16. Мотивы, или ядро в ядре
Идея топоса произошла от идеи схем, и в самый год появления схем, но по значимости далеко превзошла родительницу. Именно тема топоса, и никакая другая, стала «брачным ложем» геометрии и алгебре, топологии и арифметике, математической логике и теории категорий, миру непрерывного и государству структур «разрывных», или «дискретных» (полноводная река — она же…). Если теория схем — сердце новой геометрии, тема топоса — ее телесная оболочка, или жилище. Это то, что я задумал как самое обширное, чтобы уловить с изысканной точностью и передать языком, богатым геометрическими созвучиями, общую «суть» самых несхожих друг с другом ситуаций, из тех, что то и дело складываются в различных областях просторной математической вселенной.
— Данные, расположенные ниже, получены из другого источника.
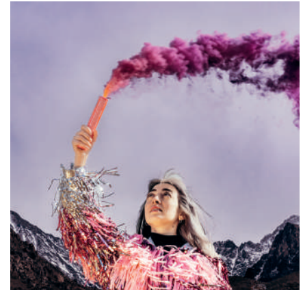
PORTAL | Single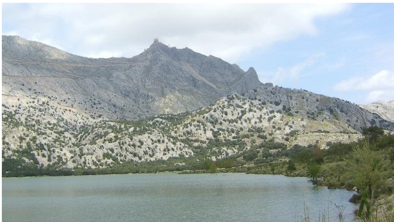
Cuber reservoiret, med Puig Major i baggrunden

Resten af denne dag, stod den på afslapning hjemme på vores altan.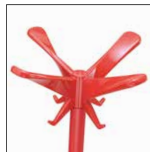
1486-AR Arancione rosso (RAL 2002) lucido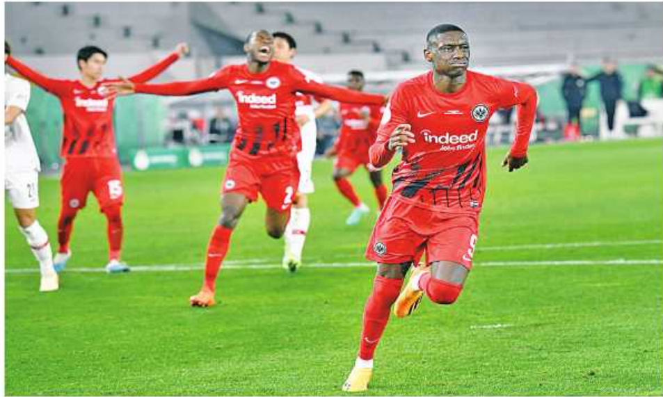
ဘာလင် ၆ ငှ

ဂျာမနီပိုကယ်ဖလား ဆီမီး ပိုင်နယ်ပွဲစဉ်အဖြစ် စတုဂတ် အသင်းနှင့် ဖရန့်ဖတ်အသင်းတို့ ယှဉ်ပြိုင်ခဲ့ရာတွင် ဖရန့်ဖတ်အသင်းက သုံးဂိုး နှစ်ဂိုးဖြင့် အနိုင်ရခဲ့သဖြင့် ဝိုက်လှုပ်တက်ရောက်ခဲ့ပြီး လက်ရှိ ချန်ပီယံ လိုက်ပေအသင်းနှင့် တွေ့ဆုံနေကြောင်း Fotmob.com က ယနေ့တွင် ဖော်ပြခဲ့သည်။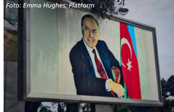
Heydar Alijew, ehemaliger Präsident Aserbaidschans: Profi im Protestmanagement

nesty International, Greenpeace, Open Society Institute und der WWF gezählt. Mit diesen müsse man sich ernsthaft auseinandersetzen, aus Legitimations- und Reputationsgründen. Zu den „Polarisierern“ gehören kleinere radikalere Gruppen wie CEE Bankwatch, Friends of the Earth oder das Corner House. Mit ihnen solle nur „opportunistisch“ interagiert werden. Im wesentlichen ging es darum, diese radikaleren Organisationen zu neutralisieren. Konkret hieß dies etwa, dass BP Programme des Open Society Institut in Aserbaidschan nur fördern wollte, wenn ausgesprochene KritikerInnen nicht involviert würden.

Тема топоса, однако, слишком далека от того, чтобы познать успех, выпавший на долю схем. Я несколько раз при случае поговорю об этом на страницах «РС»; здесь же не место задерживаться на нелепых превратностях судьбы, поразивших это понятие. Две главные темы новой геометрии вышли все же из темы топоса, две дополняющие друг друга «когомологические теории», задуманные с целью обеспечить подход к гипотезам Вейля: тема этальная (или l-адическая) и тема кристаллов. Первая из них оформилась в моих руках в l-адический когомологический инструмент; похоже, что сейчас это один из мощнейших математических инструментов столетия. Что же до темы кристаллов, чье существование свелось после моего ухода почти к оккультному, она под конец была эксгумирована под светом рампы и под видом заимствования, при обстоятельствах еще более странных, чем те, что сложились вокруг топоса.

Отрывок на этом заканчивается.